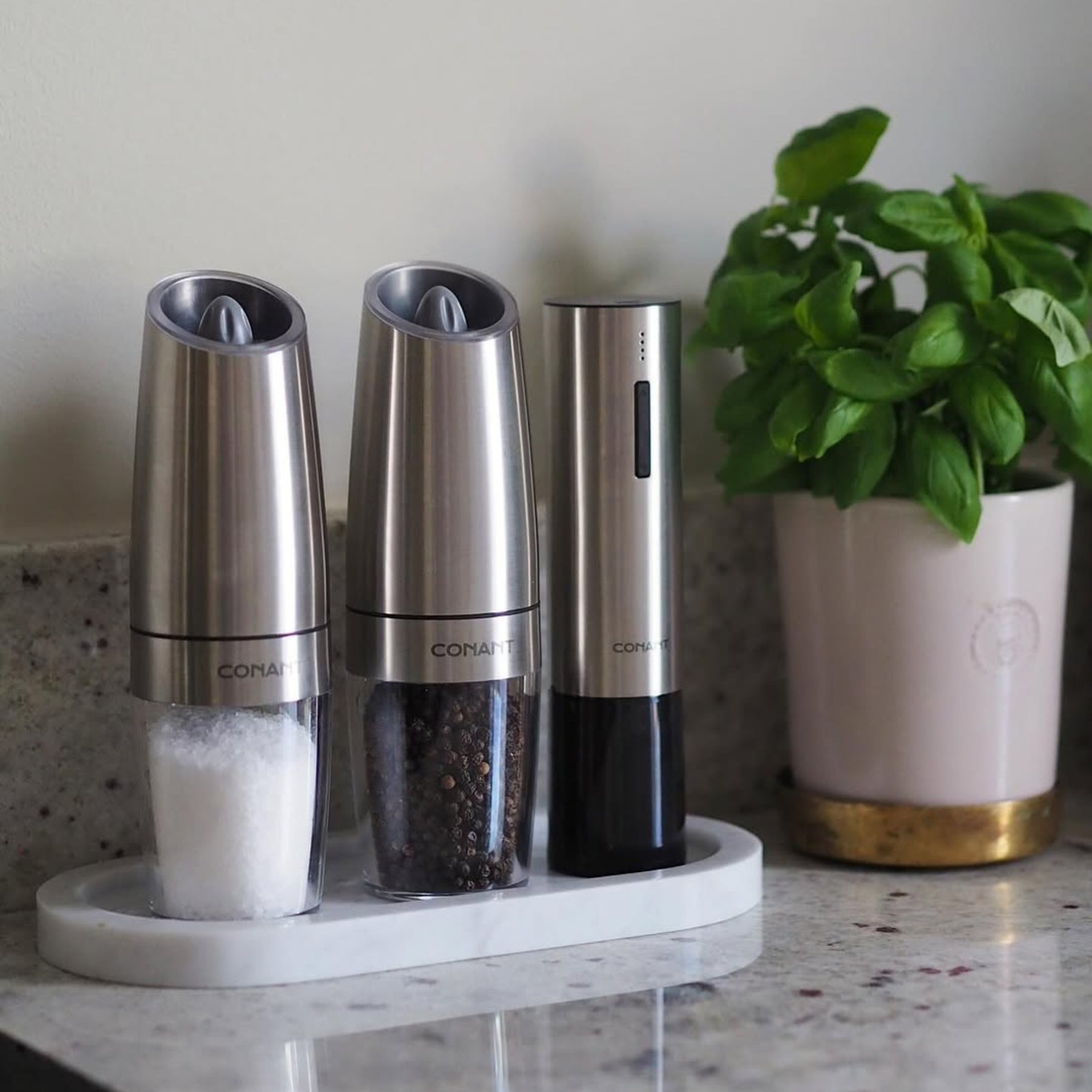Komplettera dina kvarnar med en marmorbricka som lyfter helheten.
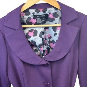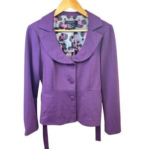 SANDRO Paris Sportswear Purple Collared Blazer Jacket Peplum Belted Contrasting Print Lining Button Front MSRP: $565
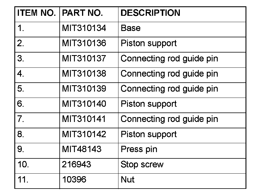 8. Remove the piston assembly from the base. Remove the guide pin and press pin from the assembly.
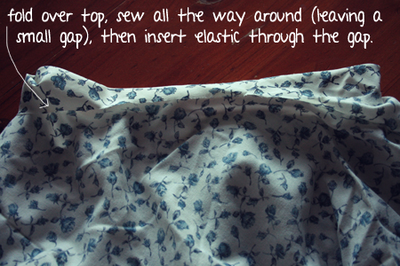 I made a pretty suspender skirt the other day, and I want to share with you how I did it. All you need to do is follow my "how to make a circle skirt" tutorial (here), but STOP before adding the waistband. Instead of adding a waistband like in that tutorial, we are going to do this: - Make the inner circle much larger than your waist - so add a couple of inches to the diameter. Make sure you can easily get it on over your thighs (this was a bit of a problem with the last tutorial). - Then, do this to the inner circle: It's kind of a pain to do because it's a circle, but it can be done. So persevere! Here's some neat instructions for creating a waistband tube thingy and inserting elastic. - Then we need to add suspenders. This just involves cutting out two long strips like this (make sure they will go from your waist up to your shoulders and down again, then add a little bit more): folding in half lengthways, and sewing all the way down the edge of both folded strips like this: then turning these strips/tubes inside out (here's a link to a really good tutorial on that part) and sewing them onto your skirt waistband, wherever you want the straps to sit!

- - - - -

-- ACTIVITY --
What you give back must match the material above exactly, minus its pictures.

-- TASK RESULT --
Komplettera dina kvarnar med en marmorbricka som lyfter helheten.
 SANDRO Paris Sportswear Purple Collared Blazer Jacket Peplum Belted Contrasting Print Lining Button Front MSRP: $565
 8. Remove the piston assembly from the base. Remove the guide pin and press pin from the assembly.
 I made a pretty suspender skirt the other day, and I want to share with you how I did it. All you need to do is follow my "how to make a circle skirt" tutorial (here), but STOP before adding the waistband. Instead of adding a waistband like in that tutorial, we are going to do this: - Make the inner circle much larger than your waist - so add a couple of inches to the diameter. Make sure you can easily get it on over your thighs (this was a bit of a problem with the last tutorial). - Then, do this to the inner circle: It's kind of a pain to do because it's a circle, but it can be done. So persevere! Here's some neat instructions for creating a waistband tube thingy and inserting elastic. - Then we need to add suspenders. This just involves cutting out two long strips like this (make sure they will go from your waist up to your shoulders and down again, then add a little bit more): folding in half lengthways, and sewing all the way down the edge of both folded strips like this: then turning these strips/tubes inside out (here's a link to a really good tutorial on that part) and sewing them onto your skirt waistband, wherever you want the straps to sit!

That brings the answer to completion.